The second interlayer insulating layer 185 may be disposed on the first interlayer insulating layer 180 and the gate capping pattern 140. The second interlayer insulating layer 185 may cover the upper surface of the first interlayer insulating layer 180 and the upper surface of the gate capping pattern 140.
Each of the first interlayer insulating layer 180 and the second interlayer insulating layer 185 may include at least one of, for example, silicon oxide (SiO), silicon nitride (SiN), silicon oxynitride (SiON), and a low-k material. For example, the low-k material may include fluorinated tetraethylorthosilicate (FTEOS), hydrogen silsesquioxane (HSQ), bis-benzocyclobutene (BCB), tetramethylorthosilicate (TMOS), octamethyleyclotetrasiloxane (OMCTS), hexamethyldisiloxane (HMDS), trimethylsilyl borate (TMSB), diacetoxyditertiarybutosiloxane (DADBS), trimethylsilil phosphate (TMSP), polytetrafluoroethylene (PTFE), Tonen SilaZen (TOSZ), fluoride silicate glass (FSG), polyimide nanofoams such as polypropylene oxide, carbon doped silicon oxide (CDO), organo silicate glass (OSG), SiLK, amorphous fluorinated carbon, silica aerogels, silica xerogels, mesoporous silica, or a combination of these, but is not limited thereto.

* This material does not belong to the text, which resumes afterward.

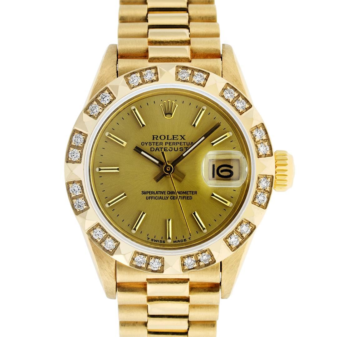 One Ladies Pre Owned 18K Yellow Gold Rolex President Polished, Serviced & Electronically Tested, Rolex Yellow Gold Case: 26mm, Rolex 18K Yellow Gold Crown, Custom Bezel: New 18K Yellow Gold Pyramid Bezel With Genuine Diamonds, Diamond Count: 24 Diamonds In Bezel. Total Weight.50 Carat, Clarity: SI-VS, Color: G to H. Custom Crystal: New Sapphire With Magnified Date Window. Custom Hands: New Luminescent Hands. Rolex Movement: Automatic Winding Movement. Rolex Dial: Champagne Index With Dash Track & Lumi Dots. Date Window: 3 O'Clock Position, Model: President, Condition: G-6 Extra Fine. Rolex Bracelet: 18K Yellow Gold President With Hidden Clasp, Bright & Satin Polish. 6.0 Inch Length, Standard President Clasp (Hidden Clasp), With Rolex Logo. This Watch Has Been Serviced Time Tested And Is In Excellent Condition It Is Free Of All Scratches And Dents.

The gate contact 190 may be formed to penetrate through the second interlayer insulating layer 185, the gate capping pattern 140, and an upper surface of the first gate electrode 120. For example, the gate contact 190 may be formed to penetrate through the upper surface of the first upper gate electrode 120_U. One end of the gate contact 190 may be disposed within the first upper gate electrode 120_U. The gate contact 190 may be connected to the first gate electrode 120.
The gate contact 190 may include a barrier film 190_B and a conductive filling film 190_M disposed within the barrier film 190_B. Descriptions of the materials of the barrier film 190_B and the conductive filling film 190_M of the gate contact 190 may be the same as the descriptions of the barrier film 160_B and the conductive filling film 160_M of the lower source/drain contact 160.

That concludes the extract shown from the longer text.